[Open Source] Hamilton, a micro framework for creating dataframes, and its application at Stitch Fix

apply(meetup) - Feb '22 - 30 minutes

At Stitch Fix, we have 130+ “Full Stack Data Scientists” who, in addition to doing data science work, are also expected to engineer and own data pipelines for their production models. One data science team, the Forecasting, Estimation, and Demand team, was in a bind. Their data generation process was causing them iteration & operational frustrations in delivering time-series forecasts for the business. In this talk I’ll present Hamilton, a novel open source Python micro framework, that solved their pain points by changing their working paradigm.
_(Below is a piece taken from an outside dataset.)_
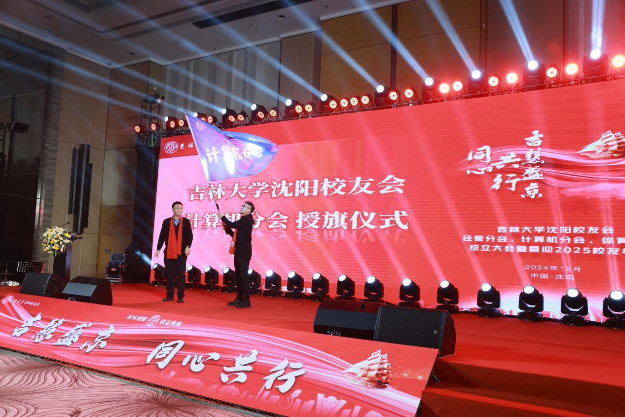 太阳成tyc122cc员工和基金工作办公室副主任、太阳成tyc122cc员工会副秘书长尹彪,为沈阳员工会计算机分会授旗。这面旗帜,不仅承载着母校对员工们的殷切期望,也标志着计算机分会正式扬帆起航,开启新的征程。

Specifically, Hamilton enables a simpler paradigm for Data Science & Data Engineering teams to create, maintain, and execute code for generating dataframes, especially when there are lots of inter-column dependencies. Hamilton does this by building a DAG of dependencies directly from Python functions defined in a special manner, which also makes unit testing and documentation easy; tune into the talk to find out how. I’ll also cover our experience migrating to it, our best practices in using it in production for over two years, along with planned extensions to make it a general purpose framework.

Stefan Krawczyk

Manager Data Platform

Stitch Fix

Stefan loves the stimulus of working at the intersection of design, engineering, and data. He grew up in New Zealand, speaks Polish, and spent formative years at Stanford, LinkedIn, Nextdoor & Idibon. He currently leads the Model Lifecycle Team at Stitch Fix. Outside of work in a pre-covid world, Stefan liked to swim, eat tacos, drink beer, and travel; for the past year, he has instead ‍biked, ate tacos and baked sourdough.